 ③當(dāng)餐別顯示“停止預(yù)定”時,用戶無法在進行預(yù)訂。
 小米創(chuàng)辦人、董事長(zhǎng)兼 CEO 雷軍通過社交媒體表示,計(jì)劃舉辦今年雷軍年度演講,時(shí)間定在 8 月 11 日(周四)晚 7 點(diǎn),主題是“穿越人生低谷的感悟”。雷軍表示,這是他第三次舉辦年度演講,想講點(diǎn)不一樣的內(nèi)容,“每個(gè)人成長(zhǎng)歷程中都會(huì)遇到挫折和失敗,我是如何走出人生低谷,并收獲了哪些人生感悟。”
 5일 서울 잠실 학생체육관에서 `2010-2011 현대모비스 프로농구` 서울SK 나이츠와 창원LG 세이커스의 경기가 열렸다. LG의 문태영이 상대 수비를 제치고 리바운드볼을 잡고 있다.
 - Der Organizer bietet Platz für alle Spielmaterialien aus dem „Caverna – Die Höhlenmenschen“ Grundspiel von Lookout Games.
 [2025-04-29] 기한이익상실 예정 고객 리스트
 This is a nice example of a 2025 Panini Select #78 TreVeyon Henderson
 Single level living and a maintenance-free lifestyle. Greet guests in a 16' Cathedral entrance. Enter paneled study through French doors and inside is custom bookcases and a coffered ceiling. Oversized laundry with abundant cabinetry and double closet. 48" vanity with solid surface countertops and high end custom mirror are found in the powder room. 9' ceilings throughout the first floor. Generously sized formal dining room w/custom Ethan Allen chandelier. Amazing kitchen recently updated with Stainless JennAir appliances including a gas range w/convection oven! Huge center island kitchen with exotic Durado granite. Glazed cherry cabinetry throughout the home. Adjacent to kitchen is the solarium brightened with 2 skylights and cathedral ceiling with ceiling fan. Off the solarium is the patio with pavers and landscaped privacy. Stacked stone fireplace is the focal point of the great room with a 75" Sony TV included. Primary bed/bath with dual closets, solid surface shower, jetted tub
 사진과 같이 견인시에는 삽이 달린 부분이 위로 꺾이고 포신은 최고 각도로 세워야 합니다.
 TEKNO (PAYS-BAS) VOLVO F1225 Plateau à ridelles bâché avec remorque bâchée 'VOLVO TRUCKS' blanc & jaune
---+---
## Exercise objective:
All of the lines above must be returned exactly.

## Answer section:
 ③當(dāng)餐別顯示“停止預(yù)定”時,用戶無法在進行預(yù)訂。
 小米創(chuàng)辦人、董事長(zhǎng)兼 CEO 雷軍通過社交媒體表示,計(jì)劃舉辦今年雷軍年度演講,時(shí)間定在 8 月 11 日(周四)晚 7 點(diǎn),主題是“穿越人生低谷的感悟”。雷軍表示,這是他第三次舉辦年度演講,想講點(diǎn)不一樣的內(nèi)容,“每個(gè)人成長(zhǎng)歷程中都會(huì)遇到挫折和失敗,我是如何走出人生低谷,并收獲了哪些人生感悟。”
 5일 서울 잠실 학생체육관에서 `2010-2011 현대모비스 프로농구` 서울SK 나이츠와 창원LG 세이커스의 경기가 열렸다. LG의 문태영이 상대 수비를 제치고 리바운드볼을 잡고 있다.
 - Der Organizer bietet Platz für alle Spielmaterialien aus dem „Caverna – Die Höhlenmenschen“ Grundspiel von Lookout Games.
 [2025-04-29] 기한이익상실 예정 고객 리스트
 This is a nice example of a 2025 Panini Select #78 TreVeyon Henderson
 Single level living and a maintenance-free lifestyle. Greet guests in a 16' Cathedral entrance. Enter paneled study through French doors and inside is custom bookcases and a coffered ceiling. Oversized laundry with abundant cabinetry and double closet. 48" vanity with solid surface countertops and high end custom mirror are found in the powder room. 9' ceilings throughout the first floor. Generously sized formal dining room w/custom Ethan Allen chandelier. Amazing kitchen recently updated with Stainless JennAir appliances including a gas range w/convection oven! Huge center island kitchen with exotic Durado granite. Glazed cherry cabinetry throughout the home. Adjacent to kitchen is the solarium brightened with 2 skylights and cathedral ceiling with ceiling fan. Off the solarium is the patio with pavers and landscaped privacy. Stacked stone fireplace is the focal point of the great room with a 75" Sony TV included. Primary bed/bath with dual closets, solid surface shower, jetted tub
 사진과 같이 견인시에는 삽이 달린 부분이 위로 꺾이고 포신은 최고 각도로 세워야 합니다.
 TEKNO (PAYS-BAS) VOLVO F1225 Plateau à ridelles bâché avec remorque bâchée 'VOLVO TRUCKS' blanc & jaune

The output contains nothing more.